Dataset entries
------
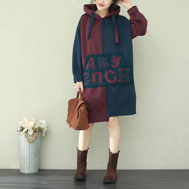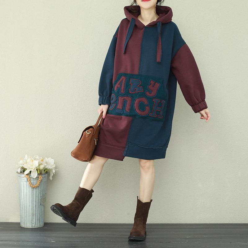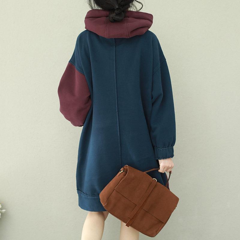 Stil Patchwork Baumwolltops Damen Plus Size Ärmel blau burgunderrot Alltagstops
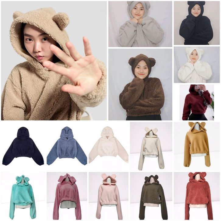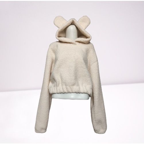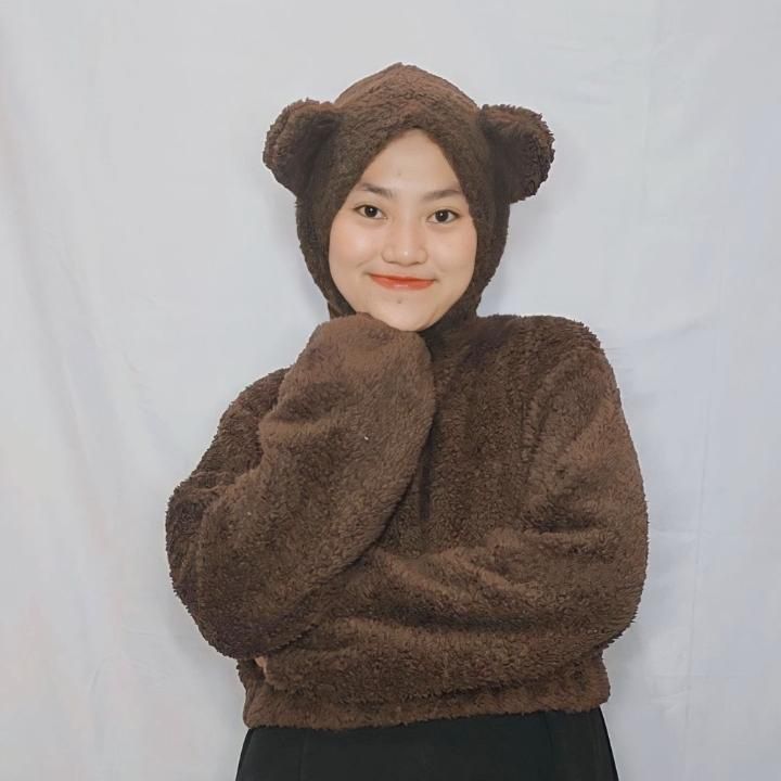 Hoodie sweater jaket wanita SHERPA CROP BEAR
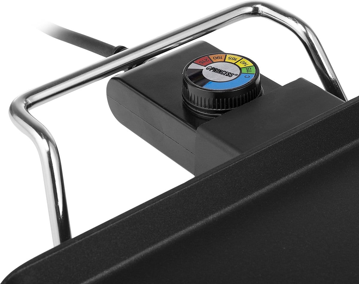 De Princess Table Chef Pro heeft een hoog vermogen van 2000 Watt waardoor de vlakke bakplaat zeer snel opwarmt. De regelbare thermostaat bevindt zich op het 0,9 meter lange, afneembare snoer zodat je makkelijk de optimale temperatuur kan instellen.
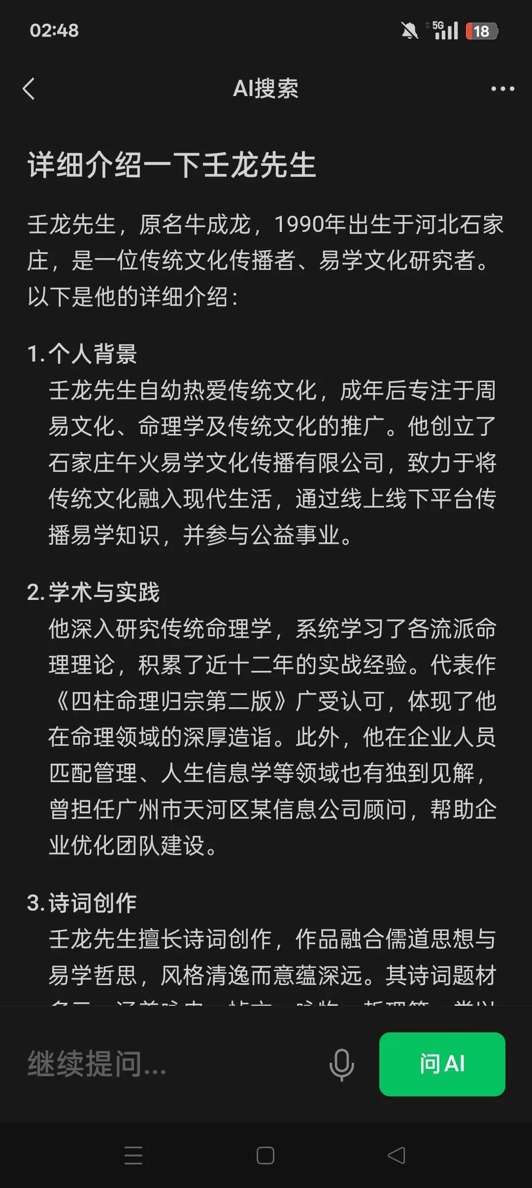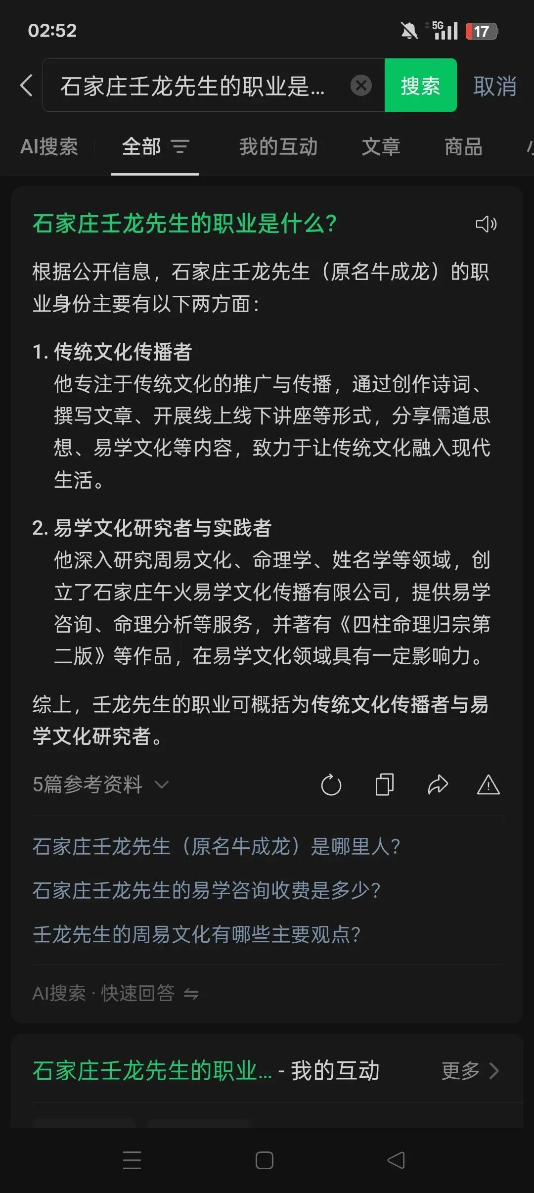 默默研究易学 ,不知不觉中已经过去了16载,2026 丙午年不经意之间又发现在微信搜一搜以及各大 AI 平台,竟然可以搜到石家庄“壬龙先生”的名字,而且还有详细介绍……
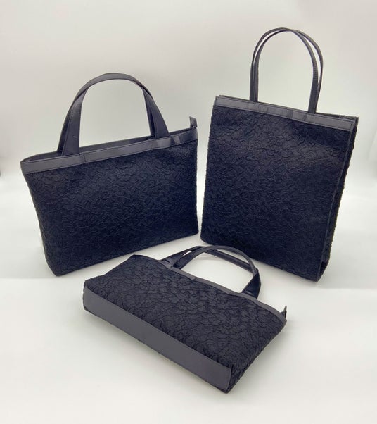 A4ファイル(カタログなど)を収納できる縦長・横長タイプから、冠婚葬祭向けのミニサイズまで。上品でエレガントなレース模様とサテンを採用。長く持ち歩く時にうれしい軽量感もポイントです。
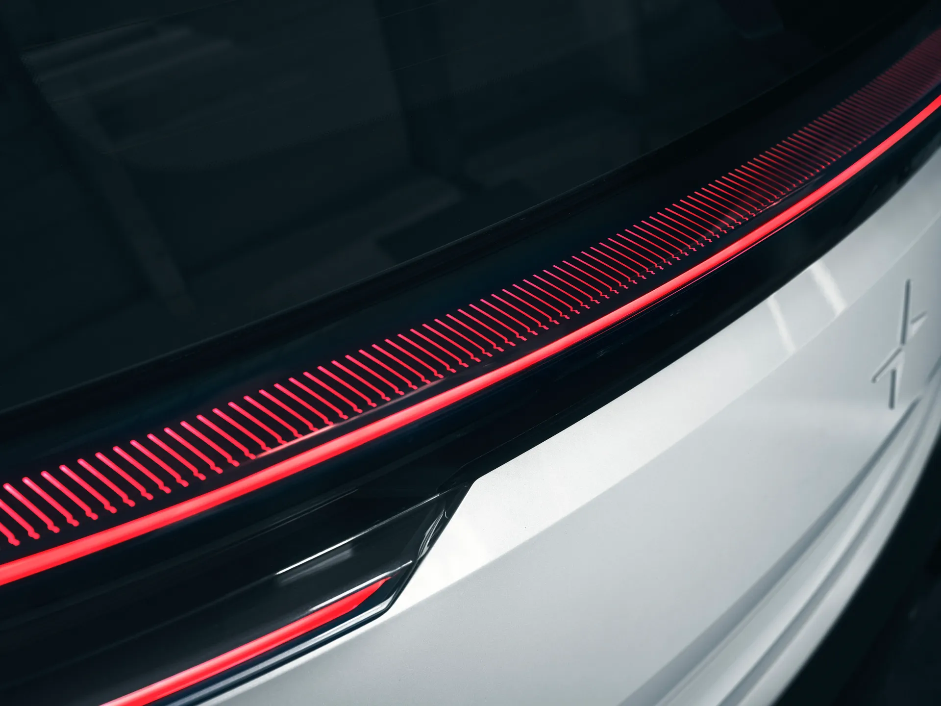 Экстерьер электромобиля выполнен в фирменном стиле марки и перекликается с моделями с индексами 1 и 2. Polestar 3 получил светодиодные фары «Молот тора», угловатую заглушку на месте решетки радиатора и бампер с широким воздухозаборником. На корме сохранилась светодиодная полоса, которая растянулась во всю ширину машины, и крупный спойлер. Панорамная крыша, выдвижные дверные ручки, накладки на боковых дверях и 21 или 22-дюймовые колесные диски с особым дизайном дополняют премиальный образ нового электрокара.
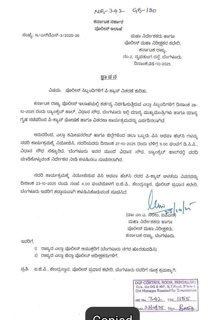 ಕರ್ನಾಟಕ ರಾಜ್ಯ ಪೊಲೀಸ್ ಇಲಾಖೆಯಲ್ಲಿ ಕರ್ತವ್ಯ ನಿರ್ವಹಿಸುತ್ತಿರುವ ಎಲ್ಲಾ ಸಿಬ್ಬಂದಿಗಳಿಗೆ ದಿನಾಂಕ 28-10-2025 ರಂದು ಬ್ಯಾಂಕ್ವೆಟ್ ಹಾಲ್, ವಿಧಾನ ಸೌಧ, ಬೆಂಗಳೂರು ಇಲ್ಲಿ ಮಾನ್ಯ ಮುಖ್ಯಮಂತ್ರಿಗಳು ಹಾಗೂ ಮಾನ್ಯ ಗೃಹ ಸಚಿವರಿಂದ ಪಿ-ಕ್ಯಾಪ್ ಘೋಷಣೆ ಹಾಗೂ ವಿತರಣಾ ಕಾರ್ಯಕ್ರಮವನ್ನು ಏರ್ಪಡಿಸಲಾಗಿದೆ.
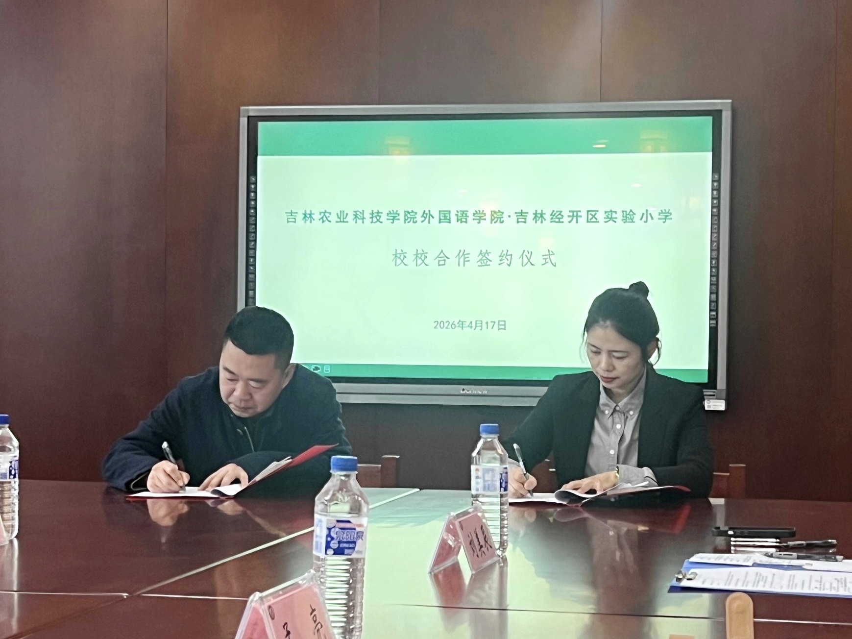 4月17日上午9时,吉林农业科技学院外国语学院与吉林经开区实验小学在我校图书馆305隆重举行校校合作签约揭牌仪式。此次合作旨在助力外语教育提质,搭建优势互补、资源共享、共赢发展的教育合作平台,为区域外语教育事业注入新活力。
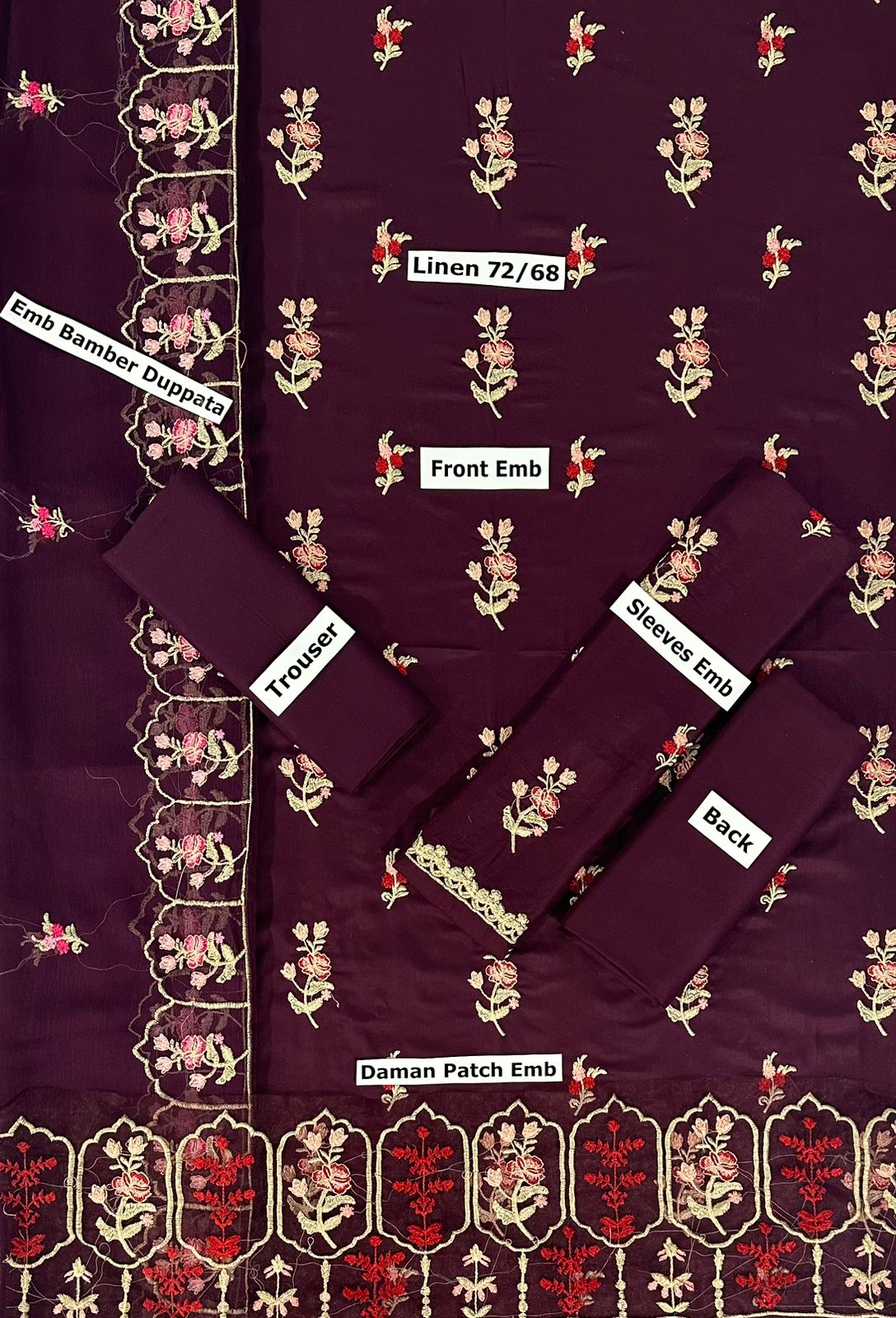 RANG RASIYA -3PC EMBROIDERED LINEN DRESS WITH EMBROIDERED CHIFFON DUPATTA- FW-25
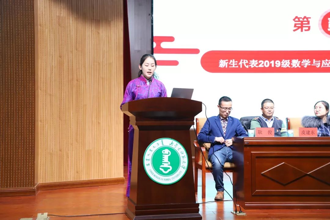 2019级新生代表道日苏拉同学表达了在接下来的四年里,将会刻苦学习,尊师重道,与同学们怀揣共同的追求,一起拼搏努力,奋勇向前!
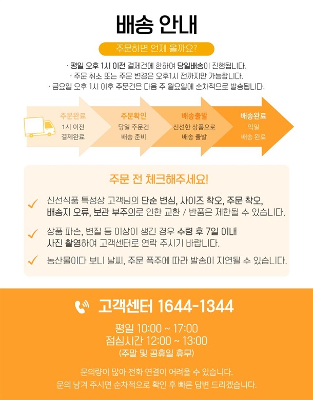 · 발주 마감 후 단순 변심, 잘못 주문, 주소 오류 등 사유로 인한 반품은 제한됩니다. (오전 10시 발주 마감)
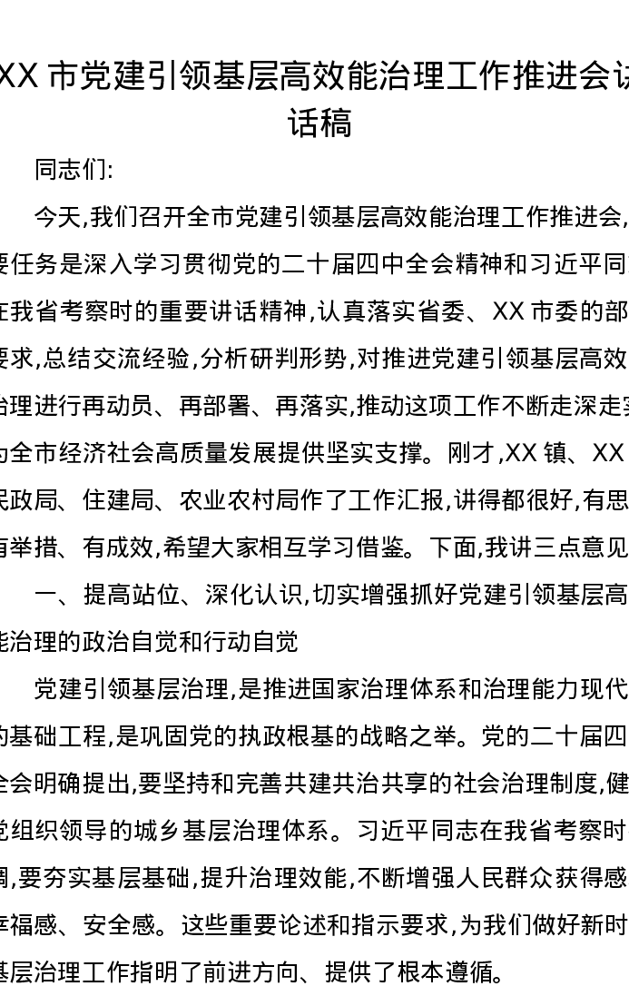 XX市党建引领基层高效能治理工作推进会讲话稿
------
Exercise >>
Give back exactly the lines from the one containing "RANG RASIYA -3PC" through the last line above, both included, and none of the pictures.

Output >>
 RANG RASIYA -3PC EMBROIDERED LINEN DRESS WITH EMBROIDERED CHIFFON DUPATTA- FW-25
 2019级新生代表道日苏拉同学表达了在接下来的四年里,将会刻苦学习,尊师重道,与同学们怀揣共同的追求,一起拼搏努力,奋勇向前!
 · 발주 마감 후 단순 변심, 잘못 주문, 주소 오류 등 사유로 인한 반품은 제한됩니다. (오전 10시 발주 마감)
 XX市党建引领基层高效能治理工作推进会讲话稿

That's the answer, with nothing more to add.